Heathrow says it now has “adequate resource and processes” to ensure passenger safety following fears it could not operate new quarantine policies safely.
Queues of up to five hours built up at immigration over the weekend due to the extra time needed to process passengers under existing Covid restrictions. It led to fears staff would be unable to cope and passengers endangered when hotel quarantine requirements were introduced on Monday 15 February.
However, a Heathrow spokesperson said: “Over the weekend, our teams worked closely with government to support the successful implementation of the managed quarantine policy.
“Border Force today has reassured us that they have adequate resource and effective processes at the border to avoid compromising the safety of passengers and those working at the airport, which could necessitate the suspension of some arriving flights.
“In recent days, passengers have spent as long as five hours queueing at the border.
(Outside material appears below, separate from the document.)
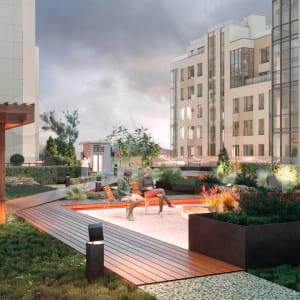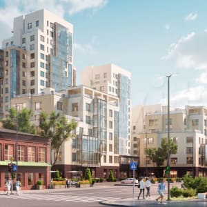 Пять высотных башен от 7 до 18 этажей объединены общей галереей на 1 этаже, где будут размещены коммерческие помещения, лаунж-зоны, собственная галерея искусств.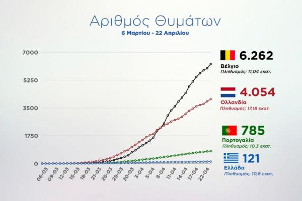 Σύμφωνα με τα διαγράμματα, έως χθες Τετάρτη 22 Απριλίου, η Ελλάδα είχε καταγράψει 121 θανάτους από τον κορωνοϊό, το Βέλγιο 6.262, η Ολλανδία 4.054 και η Πορτογαλία 785.

This is totally unacceptable, and we will continue closely monitoring this situation to better understand the impact this policy has on the passenger journey.”
The airport said border queues across both terminals on Monday were “less than an hour long” and would be closely monitored.
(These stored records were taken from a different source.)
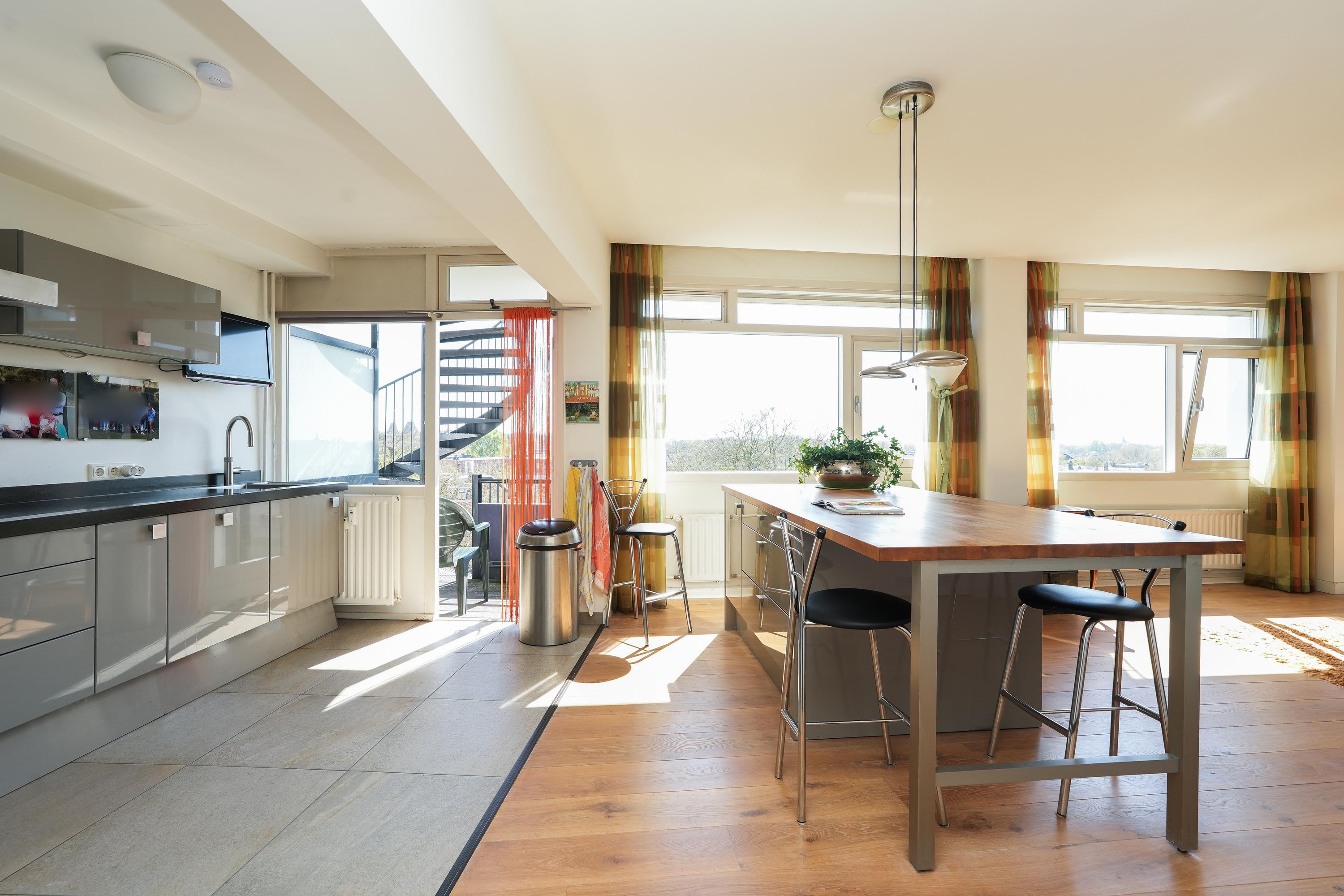 The kitchen is equipped with various built-in appliances and provides access to the first, south-facing balcony. Adjacent to the kitchen is an internal utility room offering additional storage and workspace. From the living room and the balcony there are beautiful views over the city of Nijmegen and Radboud University. A gas fireplace separates the dining area from the television/lounge area on the south-west side. The west-facing balcony offers lovely views towards the River Waal and the iconic Waal Bridge.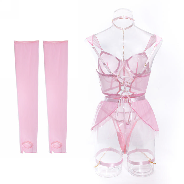 (Real Image)2024 Styles Women Adorable Sheer Tulle Skirt with Chain Halter and Gloves Four-Piece SetSKU: #GF03017-1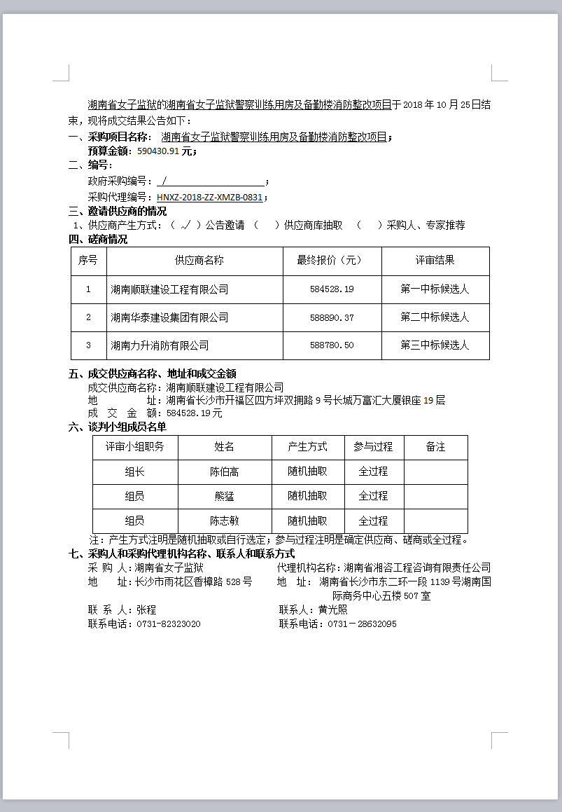 湖南省女子監(jiān)獄警察訓練用房及備勤樓消防整改項目成交結果公告

Heathrow had warned at the weekend that “some significant gaps remain” and called on the government to “ensure there is adequate resource and appropriate protocols in place for each step of the full end-to-end process from aircraft to hotel to avoid compromising the safety of passengers and those working at the airport”.
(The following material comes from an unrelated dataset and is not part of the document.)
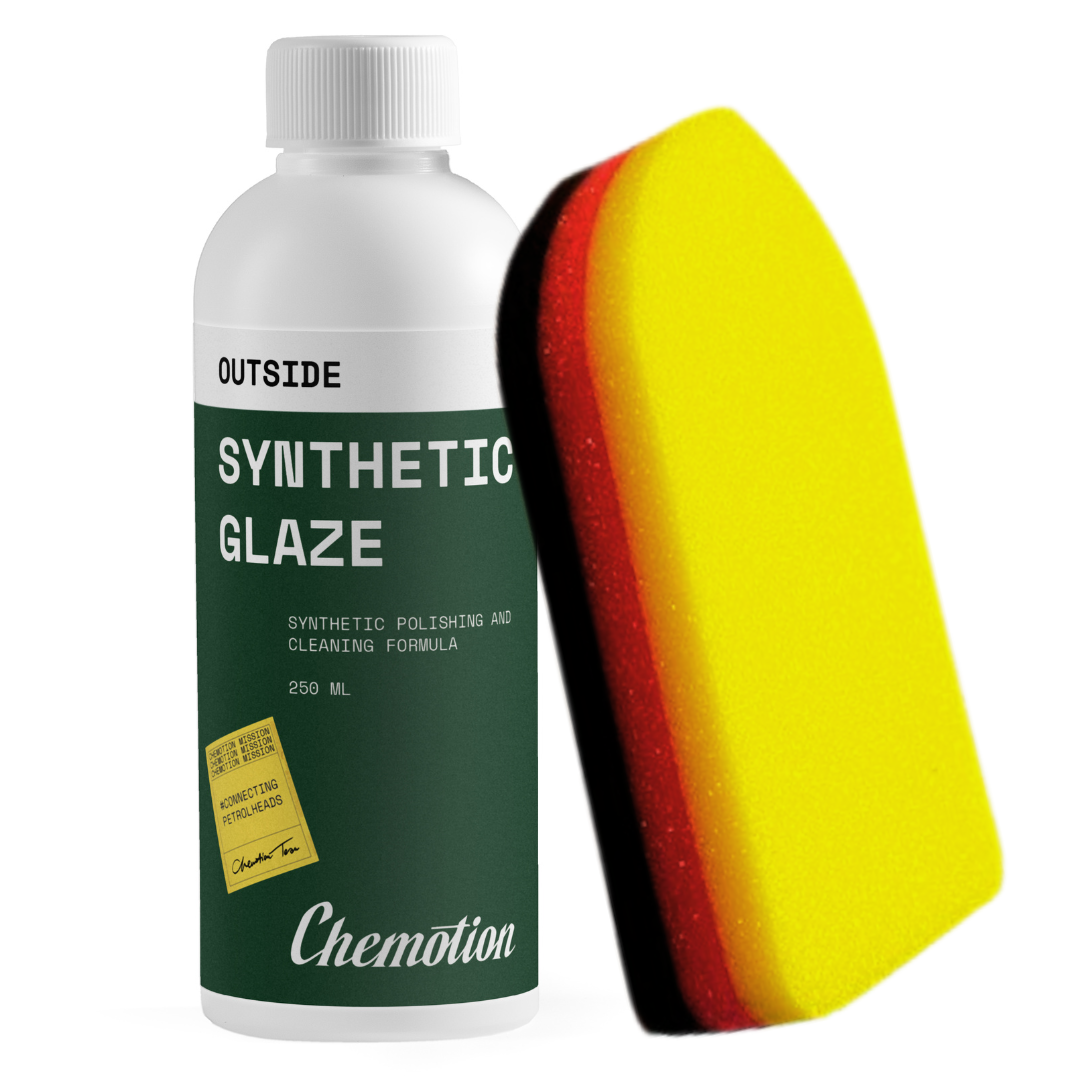 Chemotion NEW Synthetic Glaze to gęsty produkt przeznaczony do ręcznego lub maszynowego oczyszczania i zabezpieczania lakieru. Posiada delikatne właściwości ścierne, które pozwalają na zniwelowanie niewielkich zarysowań i hologramów. Skutecznie usuwa przebarwienia i zmatowienia, tworząc szklistą powłokę polimerową, która jest bardzo śliska w dotyku i wypełnia ubytki. Po aplikacji lakier nabiera intensywnej barwy i lustrzanego połysku, stanowiąc świetną bazę pod woski ochronne.

From Monday, travellers from 33 red list countries must isolate in a designated airport hotel room for 10 days at a cost of £1,750.
The Times has reported Heathrow will operate separate immigration queues for red list passengers, who will be led to waiting buses to take them to their hotels. However, there will be no separation on flights or during the walk through the terminal to get to immigration.
The GMB union said security companies had been given “less than 36 hours’ notice” to put staff in place in hotels. It has asked for talks with contractor G4S about safety procedures.
"This isn’t just about the safety of workers, it’s about preventing new variants from spreading at a time when we are beginning to turn the tide on the virus,” said GMB national officer Nadine Houghton.